Старик Аланкин, залегший рядом с Терехой Перелыгиным и Федькой Остолопом, вдруг поднял палец, дескать: «Чу! Слышишь?» Ни Перелыгин, ни Федька, ни Степан Лисицын, ни еще человек семь-восемь со всего отряда не слышали. Зато все остальные — и командир, и татарин-комиссар, и еще почти пять десятков человек — слышали заливистый собачий лай и звук шагов: как будто с десяток, а то и два десятка человек плетутся по снегу, волоча помороженные ноги, обмотанные тряпками и кусками шкур. Что странно, звуки эти, не считая собачьего лая, летевшего по тракту, шли как бы с неба, и так отчетливо были слышны, что все, слышавшие шаги, задрали голову, как, заслышав по весне журавлей или гусей, стараются разглядеть летящий косяк. Но в бледном, вроде как напудренном небе, перегороженном ветками лиственниц, ничего нельзя было разглядеть, и старик Аланкин пробормотал что-то вроде того, что это, значит, за ним пришла старуха, и попросил Тереху передать бабке Аланчихе, что из Овсов, известной матерщиннице и стряпухе, последний дедов привет: «Скажи там, как будет оказия, отмучился дед, а как, не говори».

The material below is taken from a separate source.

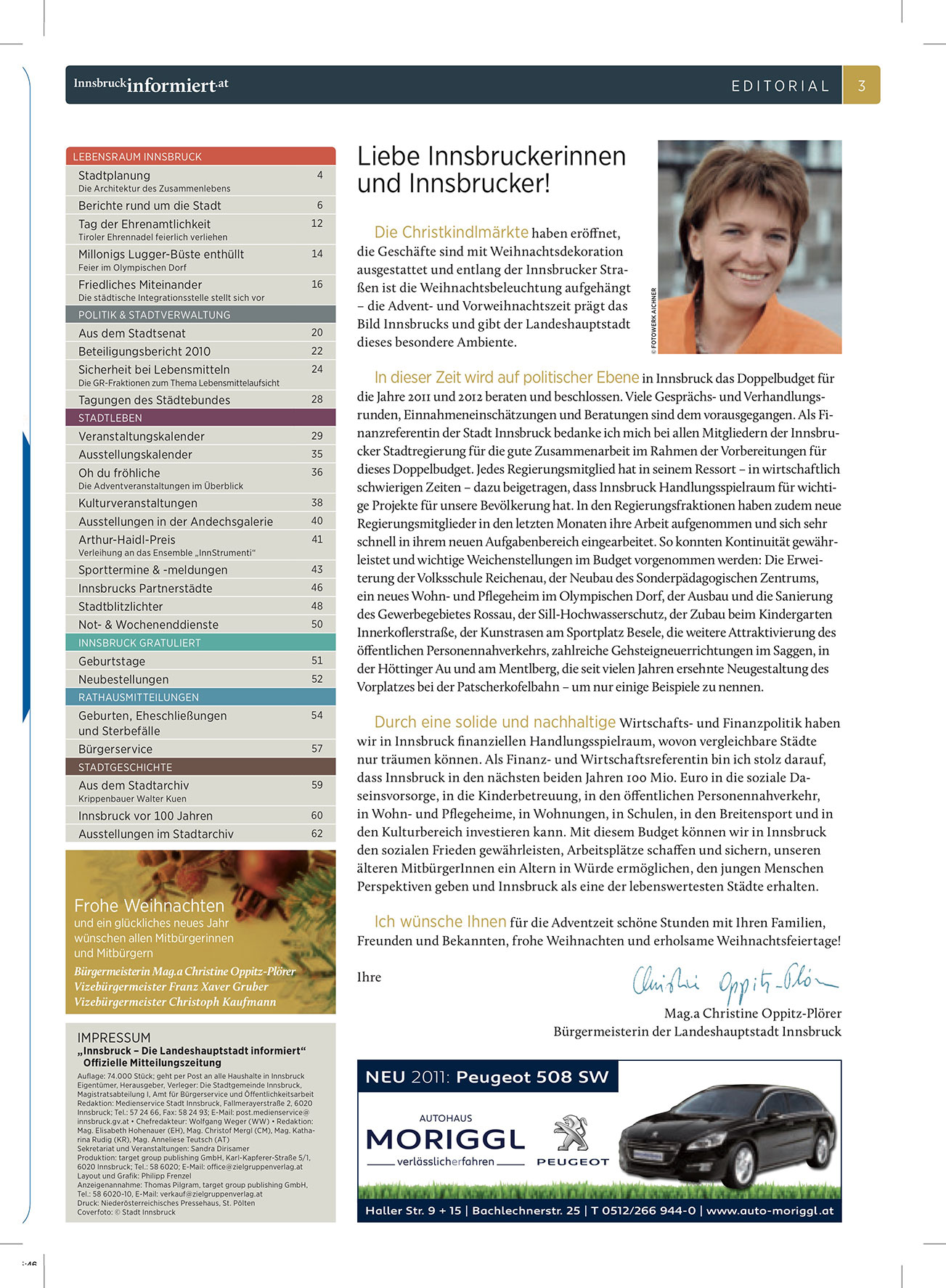 Auflage: 74.000 Stück; geht per Post an alle Haushalte in Innsbruck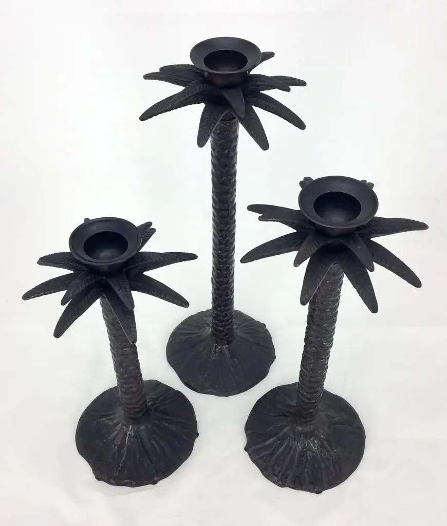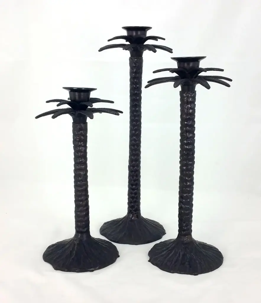 Set/3 Bronze Palm Tree Candle Holders. A great decor set!

Тереха отмахнулся от старика, дескать, чего ерунду городишь, сам еще бабку свою поваляешь, но ничего не сказал, потому что увидел, как по тракту прямо к ним движется то ли облако, то ли большой клок тумана, то ли просто пятно чего-то похожего и одновременно не похожего на пчелиный рой. Федька от увиденного открыл рот и так и замер со своим полученным от Тильбердиева коротким винчестером в обнимку — остолбенел. Перелыгин же уже собрался было втихую матюгнуться, но тут снизу, оттуда, где должен был быть хвост обоза, раздались выстрелы, и Тереха, не целясь никуда, только в сторону тумана, принявшего в эту секунду форму большого седого зверя, выстрелил — просто потому, что так было приказано. Странное дело, облако остановилось и даже стало менее плотным, по крайней мере Федька Остолоп увидел, что там, внутри тумана, сгрудились сани, и рядом с санями, в которых кто-то находился, но точно не японские солдаты, на рыжем жеребце сидел японский капитан, и к нему шли командир и комиссар. А потом все смешалось и утонуло в беспорядочной стрельбе, криках, горячем запахе крови, молчаливой вони огромных темных фигур в темных звериных шкурах, что возникли как бы из ниоткуда и принялись молчаливо и деловито рубить своими саблями, похожими на косы-литовки, партизан, пытавшихся без толку отстреливаться, фигуры эти живыми не выглядели. И Федька впервые поверил в байки о мертвецах, которые рассказывали потехи ради, а тут эти мертвецы пришли за тем, что считали своим, и пустили в ход эти ужасные косы.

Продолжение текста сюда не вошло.